本质上它停在program.h文件中的这段代码处

      COMPUTECPP_CL_ERROR_CODE_MSG(
          CL_SUCCESS, detail::cpp_error_code::KERNEL_NOT_FOUND_ERROR,
          c.get_impl().get(),
          "Unable to retrieve kernel function, is integration header included?")
    }

显然，它无法检索内核函数。

score 3 · Accepted Answer

以下是我在您的代码中发现的一些问题：

以下：

 Queue.submit([result_shared, result](handler& cgh){
   auto resultAccessor = result_shared->get_access<access::mode::read(cgh);
   cgh.copy(resultAccessor, result);
 });
 Queue.wait();

没用，因为sycl::buffers 旨在为您进行同步。
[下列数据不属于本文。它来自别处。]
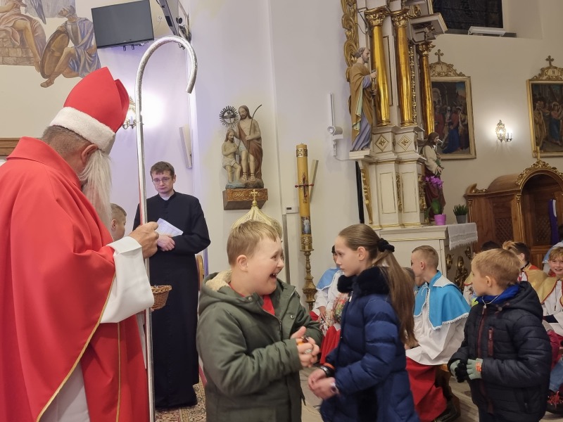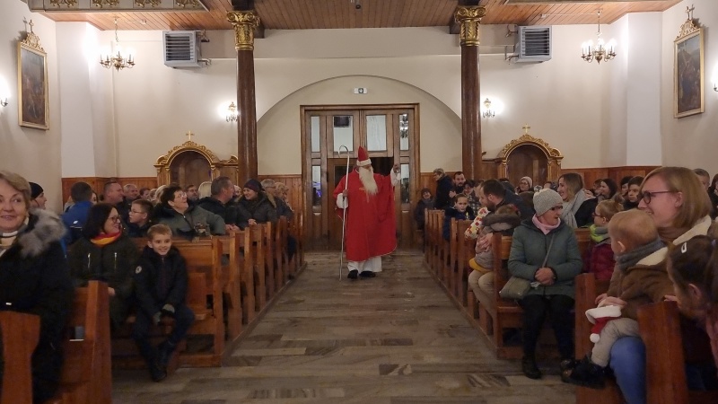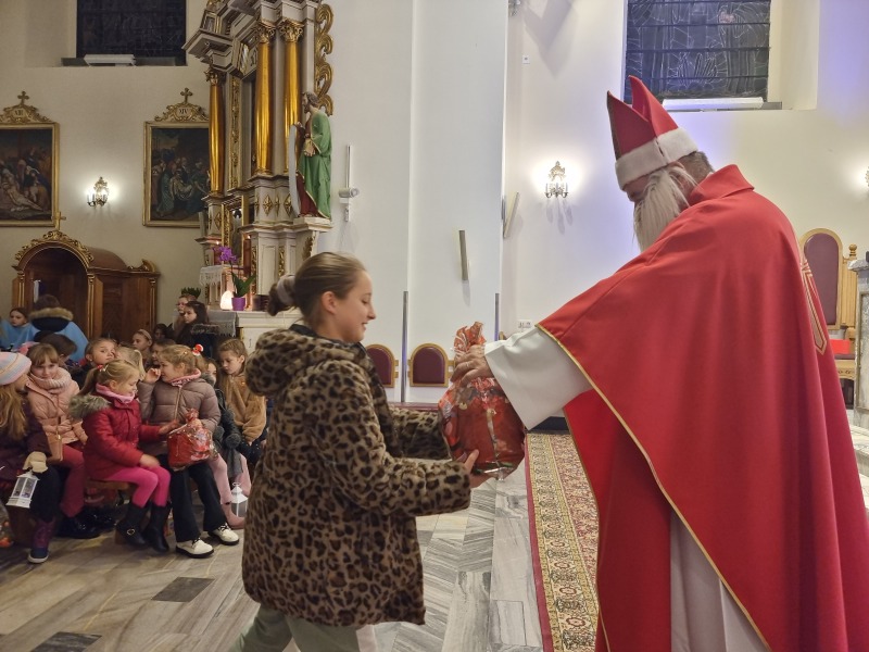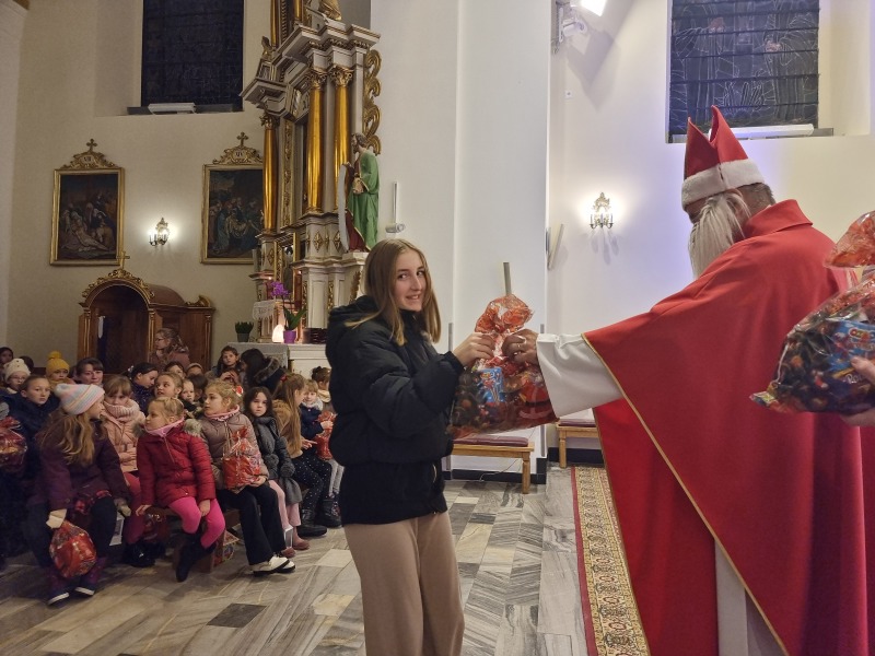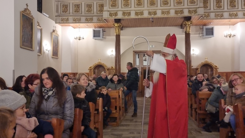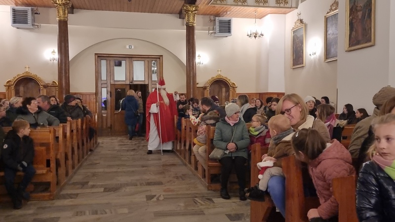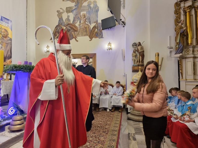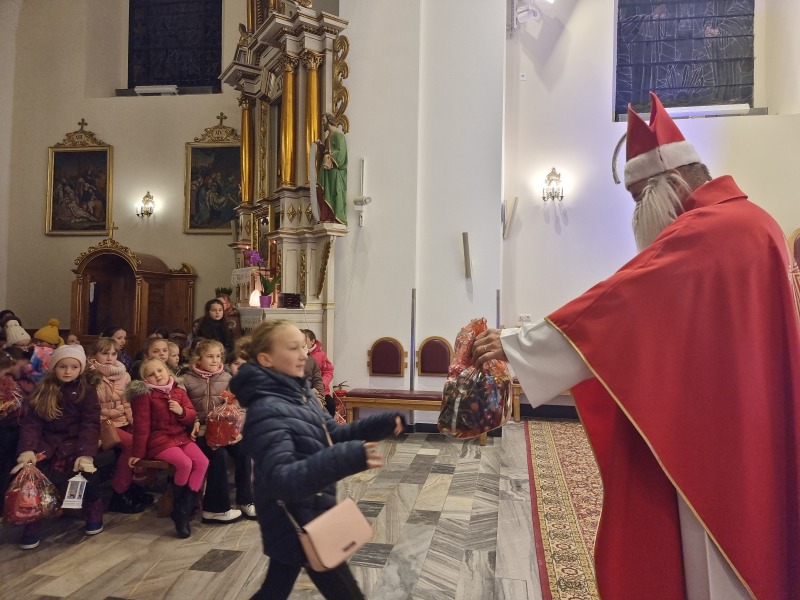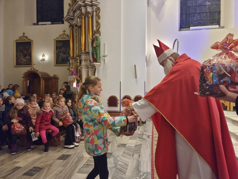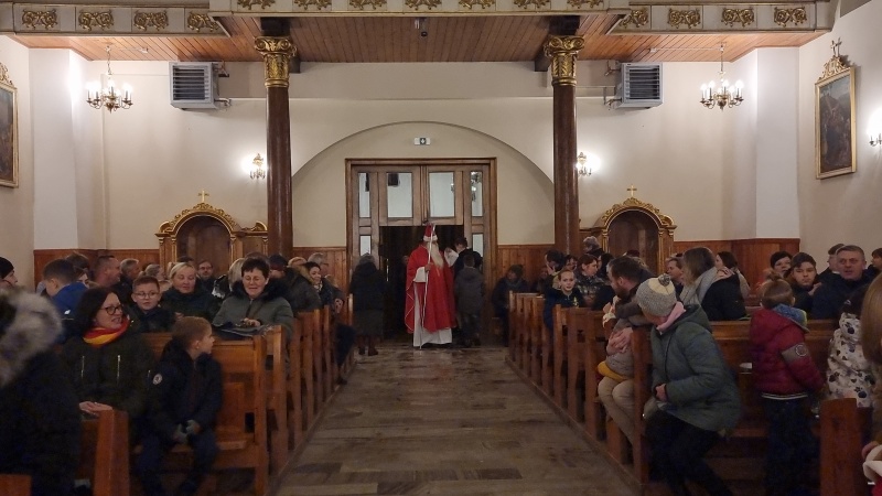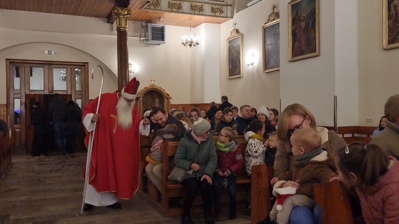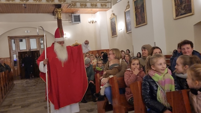 Za zakończonej Mszy św.roratniej do kościoła parafialnego w Tymbarku wszedł św. Mikołaj, zmęczony, po długiej podróży, po dniu wyczerpującej pracy. Ale przecież wiedział, że nie może nie spotkać się z dziećmi, które w każdy dzień w Adwent biorą udział w Roratach, oraz z tymi, które przez cały rok aktywnie uczestniczą w życiu parafii.

一旦缓冲区被破坏，您就可以保证将内存复制回主机（否则我相信它处于未定义状态）。

您已将缓冲区声明为buffer<float, 1>，这意味着您的 SYCL 缓冲区包含基础数据的类型。构建缓冲区时，您只需要传递元素的数量而不是其大小（以字节为单位）。这就是为什么您的代码在提交内核时会崩溃（这是设备发生隐式复制的地方）。

写吧：

buffer<float, 1> mata_buffer(matA, range<1>(M * N));
buffer<float, 1> matb_buffer(matB, range<1>(N * K));
buffer<float, 1> result_buffer(result, range<1>(M * K));

事实证明，您从中获得的默认队列queue Queue;不一定是主机设备。在某些实现中，此行为允许使用环境变量更改您正在运行的设备。在我的实现中，queue Queue;返回给我一个 GPU，而您的原始代码失败（因为它需要执行上述复制）。但是，当在主机设备上运行时queue Queue{host_selector{}};不起作用，因为我正在运行的 SYCL 实现不执行，希望从主机到主机的 memcpy。
您正在使用max_work_group_size它，就好像您认为它是真正的工作组规模一样。不是，它只是一个提示，实际上可以是从 0 到 2**64-1 的任何值。考虑做一些边界检查。
你在你的nd_range<2>. 签名是：

sycl::nd_range<2>(sycl::range<2> globalSize, sycl::range<2> localSize);

的每个维度都globalSize应该是中每个维度的倍数localSize。

所以你应该做

auto local_range = sycl::range<2>(numThreads, numThreads);
auto global_range = sycl::range<2>(M / numThreads + 1, K / numThreads + 1) * local_range;
sycl::nd_range<2> launchParams = nd_range<2>(global_range, local_range);

乘法的目的nd_range是获得您的设备将处理的“真实”全局范围，因为它可能比您预期的要大一些。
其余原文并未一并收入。